Make it automated and have your software back it up once a week or month per needed schedule. And also run a manual backup yourself. If you’re not planning ahead for failure of access or digital components, then you’re planning to fail and have catastrophic loss. So make sure you have a contingency plan. If a hard drive fails, at least you have a CD or a paper copy or picture of your contents. And if your storage fails maybe have a fire proof or water proof container in case of natural disaster.

With today’s society we do more and more of our work on computers and cellphones and tablets and we store money, accounts, sensitive files like tax and financial spreadsheets and link several accounts across sensitive platforms so it even even more mission critical to have a safe duplicate.

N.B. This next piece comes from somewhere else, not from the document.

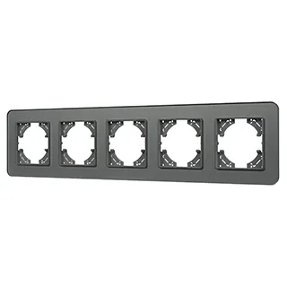 Рамка стеклянная на 5 постов, под встраиваемый механизм. Цвет - серый с Soft-Touch покрытием. Уровень герметичности IP20. Ориентация монтажа - горизонтальная (основным ориентиром служат посадочные выступы для накладки механизма).
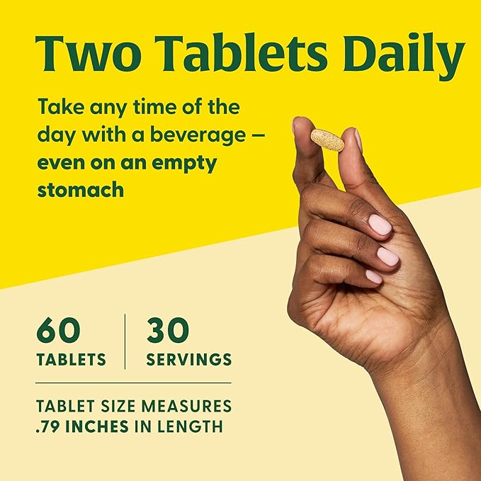 - Can be taken any time of day, even on an empty stomach. 2 tablets daily

Our world is accelerating into an even more networked and social and digitally liked economy. Digital currencies and online brokerages, peer to peer lending, and forex, Paypal, digital shopping, and linked credit cards for Amazon, eBay and clothing merchandise stores make it so that you can’t avoid putting information online for long unless you refuse to participate completely online. And it’s true some people don’t shop online or use old call in methods to check things online. But I bet you that a good amount of people use some digital platform to check and do some kind of business even if it is simply checking stocks.

You can’t be too careful these days so write it down, keep it under lock and key, and commit what you need to memory. And when your memory fails over the years as it inevitably will because you’re going to have more and more digital accounts online, then you need to have a way to retrieve your accounts again. So write it down somewhere or get a Keypass or some other device to give you access to your accounts. In the future they may solve this password problem but for now it’s the best thing we have.

  • Make long passwords that are meaningful to you.
  • Don’t share passwords.
  • Don’t wait till you’re locked out to think about worst case scenarios.
  • Limit access to information. Security by scarcity is a good thing. The fewer people that have access to the information the better. The fewer people that have access to the code or the knowledge of its existence, the better.
  • Automate backups
  • Penetration testing is what some sites use to ensure their site security works, but you can test and audit your passwords and storage mediums to see that it’s working and still accessible from time to time. That is, make sure that some of your passwords or special phrases or fingerprint access works over time. Ink may bleed or fade over time. Fingers change shape as you age some. And CD’s and electromagnetic interference or exposure to sun or heat or dampness may affect your storage mediums so make sure you double check periodically and make sure things don’t rust or get lost and you lose access to your stored files. For example, if you lose a key to a vault with all your files that’s just as bad.
  • Online storage is nice in some cases where the security need is low, but in some cases they can be useful if you are on a closed circuit network. Never forget that through simple malware or trojans and viruses or targeted phishing your data could be super easily compromised.
  • Separate and isolate mission critical accounts from other accounts. For example if you have sensitive data. You might want to keep those off a USB drive or off your spam email account. You may one day accidentally download an image or click on a link that opens up the floodgate doors to that critical account so basically airgap or isolate that account from everything and don’t touch it again just work with a copy.

More information to come maybe later. I spent a lot of time wondering about people from the past, people from high school reunions, and dating partners and such and all that is stored somewhere in a digital medium that someone could probably recover forensically if they truly wanted. It’s amazing how much the world is stored on a simple laptop or cellphone device nowadays. The world is literally in my pocket.